[[ Provided data open ]]
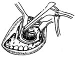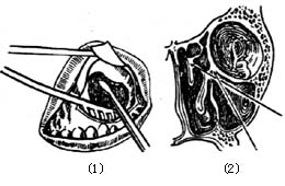 ⑵上颌窦前壁尖牙窝部位骨质不是用凿凿去,而由装有特制直径1.2cm环形带齿之圆钻头的手摇钻取出骨片保留,以备手术结束前重新置入。
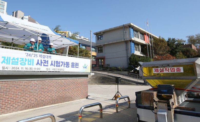 | ▲ 용산구가 2024년 본격적인 겨울을 앞두고 제설장비 가동 훈련을 하고 있는 모습. |
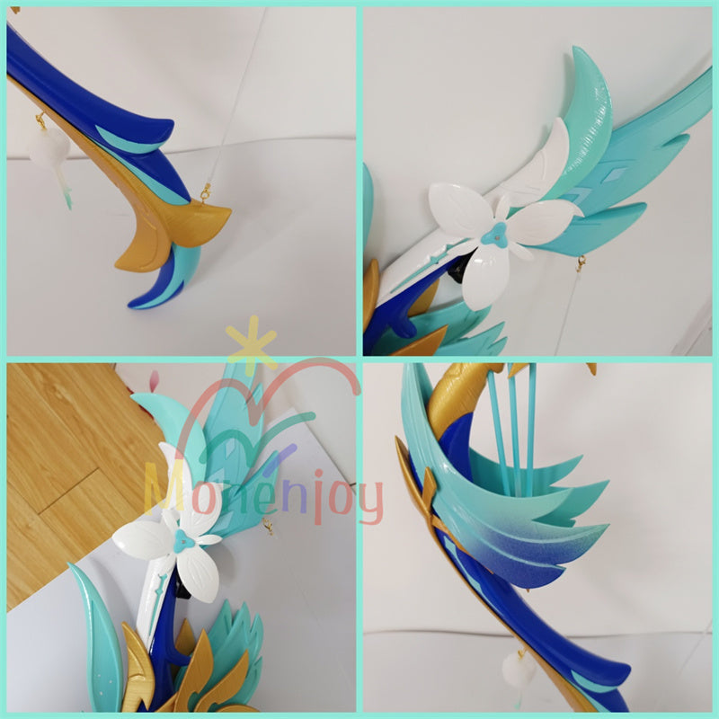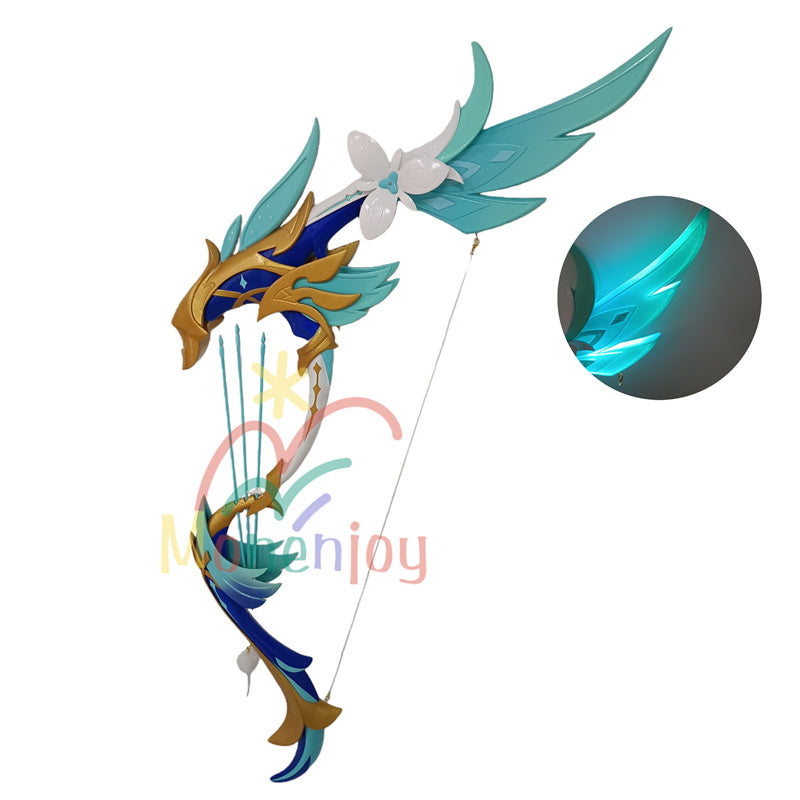 Monenjoyが贈る原神(げんしん)の人気キャラクター、ウェンティの象徴的な武器「暁を告げる歴史」を忠実に再現したコスプレ道具です。この弓モデルは全長110cmで、PVCとPLA素材を組み合わせた耐久性に優れた作り。最大の魅力は発光機能で、夜間のイベントや写真撮影で幻想的な雰囲気を演出します。コスプレイヤー必携のアイテムとして、細部までこだわったデザインが原作の魅力を引き立てます。
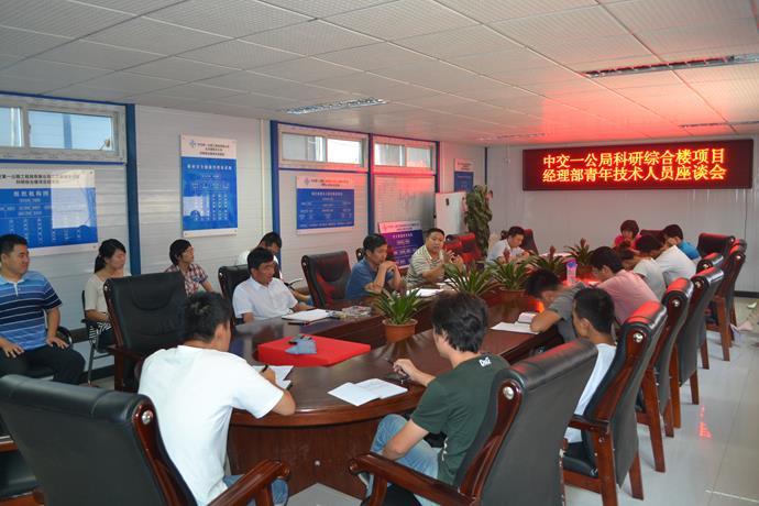 8月3日下午4点,局科研综合楼项目经理部在项目会议室召开了青年技术人员座谈会。项目经理李德顺、项目书记张长青、生产经理马恩军、项目总经苏红红以及各科室青年技术人员参加了此次会议。
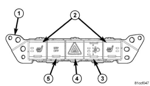 The instrument panel switch pod (1) is located just below the heater and air conditioner controls in the center stack area of the instrument panel. This switch is available in multiple configurations, which varies from two single push button switches to as many as five push button switches depending upon the optional equipment in the vehicle. The pod may include the following switches:
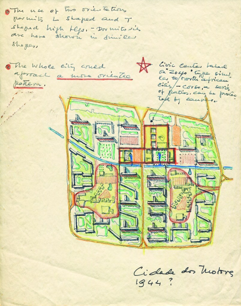 Croquis de la Ciudad de Motores (1944) proyectada por Sert en Brasil. A lo largo de los años proyectaría diversos planos urbanísticos para Sudamérica, explorando las ideas de urbanismo que más tarde recuperaría en su labor docente en Harvard y que a su vez han servido como punto de inicio para el trazado de otras ciudades posteriores.
[[ Provided data closed ]]
### Instructions to follow
Within the listing above, write out the stretch from the line with "하고 있는 모습. |" through the line with "The instrument panel switch" exactly. Any pictures are to be left out.

### Result for this task
 | ▲ 용산구가 2024년 본격적인 겨울을 앞두고 제설장비 가동 훈련을 하고 있는 모습. |
 Monenjoyが贈る原神(げんしん)の人気キャラクター、ウェンティの象徴的な武器「暁を告げる歴史」を忠実に再現したコスプレ道具です。この弓モデルは全長110cmで、PVCとPLA素材を組み合わせた耐久性に優れた作り。最大の魅力は発光機能で、夜間のイベントや写真撮影で幻想的な雰囲気を演出します。コスプレイヤー必携のアイテムとして、細部までこだわったデザインが原作の魅力を引き立てます。
 8月3日下午4点,局科研综合楼项目经理部在项目会议室召开了青年技术人员座谈会。项目经理李德顺、项目书记张长青、生产经理马恩军、项目总经苏红红以及各科室青年技术人员参加了此次会议。
 The instrument panel switch pod (1) is located just below the heater and air conditioner controls in the center stack area of the instrument panel. This switch is available in multiple configurations, which varies from two single push button switches to as many as five push button switches depending upon the optional equipment in the vehicle. The pod may include the following switches:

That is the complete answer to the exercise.